Il calcio svolge diverse funzioni nell’organismo vegetale a livello cellulare: rientra come componente nella parete cellulare, si lega alle pectine formando i pectati di calcio che a differenza delle prime sono insolubili, forma cristalli di ossalato di calcio che svolgono la funzione di tamponare l’acidità, regolando così il ph. Interagisce nella stabilità delle membrane cellulari, regola il trasporto dei carboidrati e interviene nella mitosi.
Poiché non si limita a svolgere un’azione regolatrice, ma anche costitutiva nei tessuti vegetali, il calcio è presente nelle piante in grande quantità (all’incirca 5 ppm, la metà rispetto al potassio e oltre il doppio rispetto al fosforo) rientrando così a pieno diritto nella categoria dei macronutrienti, che sono: azoto, fosforo, potassio, calcio, magnesio e zolfo. Quando la presenza di calcio è insufficiente a soddisfare i fabbisogni fisiologici della pianta, tutte le funzioni legate a questo elemento vengono alterate o cessano del tutto. In particolare l’indebolimento delle pectine a causa della mancata salificazione con il calcio, può scaturire nel collasso delle strutture cellulari e da lì la formazione delle classiche lesioni di tessuto necrotico nella polpa dei frutti.

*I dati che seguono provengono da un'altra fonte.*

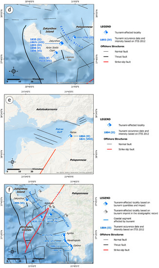 Coastal areas on the Ionian Islands and western and southern Peloponnese affected by tsunamigenic prehistoric, historical and recent earthquakes. Points and bars correspond to time periods and years with tsunami occurrence, which were identified from geo-scientific evidence in the stratigraphic record of the affected areas in the frame of the listed interdisciplinary and multiparametric studies that focused on the tsunamigenic imprint on Holocene coastal geoarchives [99,100,101,102,103,104,105,106,107,108,109,110,111,112].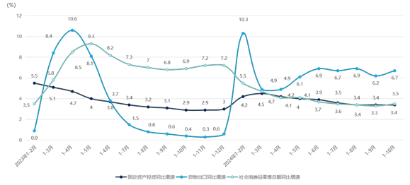 - 2024年1-10月我国固定资产投资、消费、出口情况

Le cellule e i tessuti vegetali vengono costantemente riforniti degli elementi dei quali abbisognano attraverso il sistema circolatorio delle piante. La linfa grezza sale dalle radici alla parte aerea trasportando acqua e sali minerali, attraverso i cosiddetti vasi xilematici: si tratta di una “corrente” veloce e tumultuosa che trasporta tutto ciò che i vasi piliferi assumono dalla soluzione circolante del suolo. La linfa elaborata, ricca degli zuccheri prodotti con la fotosintesi, scende attraverso i vasi floematici in una lenta corrente che giunge in maniera capillare a tutte le parti dell’organismo.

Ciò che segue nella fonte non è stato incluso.